Hero of Our Time meets all these criteria and revives these traditions. The ballet was composed on the 200th birth anniversary of Mikhail Lermontov, author of the novel ‘Hero of our Time.’ The ballet recreates one of the best-loved Russian novels through choreography.
The score for the ballet was composed by Ilya Demutsky, who is under 30, while Russian drama star Kirill Serebrennikov worked on the libretto. Yuri Possokhov, who has staged Cinderella at the Bolshoi, as well as several performances for the San Francisco Ballet and many other companies, was appointed as the choreographer.
5. Nobel Prize for Literature returns to the Russian world
Svetlana Alexievich. Source: Reuters
After a 28-year interval, the Nobel Prize in Literature was awarded to a Russian-language author, writer and journalist Svetlana Alexievich, the author of documentary fiction War’s Unwomanly Face, Enchanted with Death, and Chernobyl Prayer.
Technically, Alexievich is a Belarusian citizen but ever since Soviet times she has been writing in Russia and this is where her works have always been published. All her books are based on journalistic investigations and interviews with eyewitnesses of various tragic events in history. Thus, her Nobel Prize success has raised another important question in modern literature, that of the line between journalism and fiction.

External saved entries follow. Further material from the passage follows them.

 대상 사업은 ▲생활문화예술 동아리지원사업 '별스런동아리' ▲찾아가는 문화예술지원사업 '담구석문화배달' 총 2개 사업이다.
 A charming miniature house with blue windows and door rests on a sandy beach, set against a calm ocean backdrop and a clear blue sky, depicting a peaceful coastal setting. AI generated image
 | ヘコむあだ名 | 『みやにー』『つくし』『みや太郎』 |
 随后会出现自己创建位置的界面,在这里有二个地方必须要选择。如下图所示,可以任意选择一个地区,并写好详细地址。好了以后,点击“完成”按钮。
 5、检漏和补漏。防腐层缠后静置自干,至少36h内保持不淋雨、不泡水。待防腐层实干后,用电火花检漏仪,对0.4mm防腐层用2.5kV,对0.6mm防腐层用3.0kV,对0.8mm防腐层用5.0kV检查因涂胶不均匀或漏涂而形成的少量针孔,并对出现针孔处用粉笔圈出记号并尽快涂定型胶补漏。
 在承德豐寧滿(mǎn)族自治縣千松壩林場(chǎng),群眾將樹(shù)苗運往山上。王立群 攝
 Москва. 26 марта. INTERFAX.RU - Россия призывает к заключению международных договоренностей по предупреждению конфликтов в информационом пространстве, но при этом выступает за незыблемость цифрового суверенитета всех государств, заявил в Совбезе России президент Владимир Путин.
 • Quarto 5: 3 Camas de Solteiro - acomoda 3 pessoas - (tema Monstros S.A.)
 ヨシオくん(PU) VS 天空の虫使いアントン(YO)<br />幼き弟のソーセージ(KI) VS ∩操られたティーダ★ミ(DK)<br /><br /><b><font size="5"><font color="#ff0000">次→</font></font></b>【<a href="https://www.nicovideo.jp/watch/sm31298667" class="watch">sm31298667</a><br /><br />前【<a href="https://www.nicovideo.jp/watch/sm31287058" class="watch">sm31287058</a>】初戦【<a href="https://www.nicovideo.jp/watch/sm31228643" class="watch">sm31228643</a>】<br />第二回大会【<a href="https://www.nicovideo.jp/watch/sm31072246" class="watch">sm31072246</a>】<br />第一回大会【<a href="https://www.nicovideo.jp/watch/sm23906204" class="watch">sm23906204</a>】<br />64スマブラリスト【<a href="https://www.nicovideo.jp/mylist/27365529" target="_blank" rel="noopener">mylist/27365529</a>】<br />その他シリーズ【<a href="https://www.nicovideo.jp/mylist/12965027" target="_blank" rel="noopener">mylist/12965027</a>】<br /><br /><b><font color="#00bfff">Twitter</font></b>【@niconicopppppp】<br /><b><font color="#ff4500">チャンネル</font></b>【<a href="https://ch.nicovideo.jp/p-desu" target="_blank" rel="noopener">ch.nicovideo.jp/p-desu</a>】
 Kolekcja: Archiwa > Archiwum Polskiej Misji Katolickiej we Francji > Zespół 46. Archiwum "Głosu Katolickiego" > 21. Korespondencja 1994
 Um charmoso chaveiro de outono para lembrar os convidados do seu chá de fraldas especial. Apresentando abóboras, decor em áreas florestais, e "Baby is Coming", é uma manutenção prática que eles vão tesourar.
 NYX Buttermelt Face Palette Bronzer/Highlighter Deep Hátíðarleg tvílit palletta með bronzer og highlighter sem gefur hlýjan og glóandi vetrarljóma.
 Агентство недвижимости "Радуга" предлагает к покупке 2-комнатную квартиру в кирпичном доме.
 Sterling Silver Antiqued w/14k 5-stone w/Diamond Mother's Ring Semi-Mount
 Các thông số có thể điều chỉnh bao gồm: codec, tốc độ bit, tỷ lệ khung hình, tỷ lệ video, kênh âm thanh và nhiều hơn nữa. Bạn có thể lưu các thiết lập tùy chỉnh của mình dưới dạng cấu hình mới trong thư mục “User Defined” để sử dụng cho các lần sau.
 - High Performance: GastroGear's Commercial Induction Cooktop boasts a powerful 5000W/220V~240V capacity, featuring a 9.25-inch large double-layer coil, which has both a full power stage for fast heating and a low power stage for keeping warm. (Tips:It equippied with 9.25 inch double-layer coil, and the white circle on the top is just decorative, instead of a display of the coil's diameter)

6. Avant-garde anniversary
The original Black Square (1915) today hangs in the Tretyakov Gallery in Moscow on Krymsky Val. Source: RIA Novosti / Yuriy Somov
Large-scale exhibitions of Russian avant-garde art have been traveling around the world for the past couple of years, yet a formal cause for celebrating the centenary of the movement came in the summer. On Jun. 21, 1915, Kazimir Malevich created his famous Black Square, which became a global symbol of suprematism and avant-garde art. The Basel-based Fondation Beyeler even recreated the legendary Last Futurist Exhibition 0.10 at which Black Square was first shown to the public.
7. New classics
The International Tchaikovsky Competition is held once every four years. Source: Vladimir Vyatkin/Ria Novosti
In the summer, Moscow and St. Petersburg hosted the 15th International Tchaikovsky Competition, which in the 60 years since its inception has become one of the most respected classical music competitions and has launched the careers of many world-class performers.
This year’s favorites included tenor from Mongolia Ariunbaatar Ganbaatar, South Korean tenor Myonghyun Lee, and pianists Lucas Debargue from France and Dmitry Masleyev from Russia.
8. Theatrical exchange
'Idiots' Kirill Serebrennikov. Source: Press photo
Since the “Russian seasons” of 1997, Russian drama directors have been conspicuous by their absence from the program of the main event on the theater calendar, the Avignon Festival. Until this summer, when the artistic director of the Moscow-based Gogol Center, Kirill Serebrennikov, was invited to present his production of Idiots, inspired by the Lars von Trier film of the same name.
For its part, Moscow welcomed the theater legend Robert Wilson, who staged Pushkin’s Fairy Tales at the Theater of Nations, described by critics as “the production of the year” in Russia.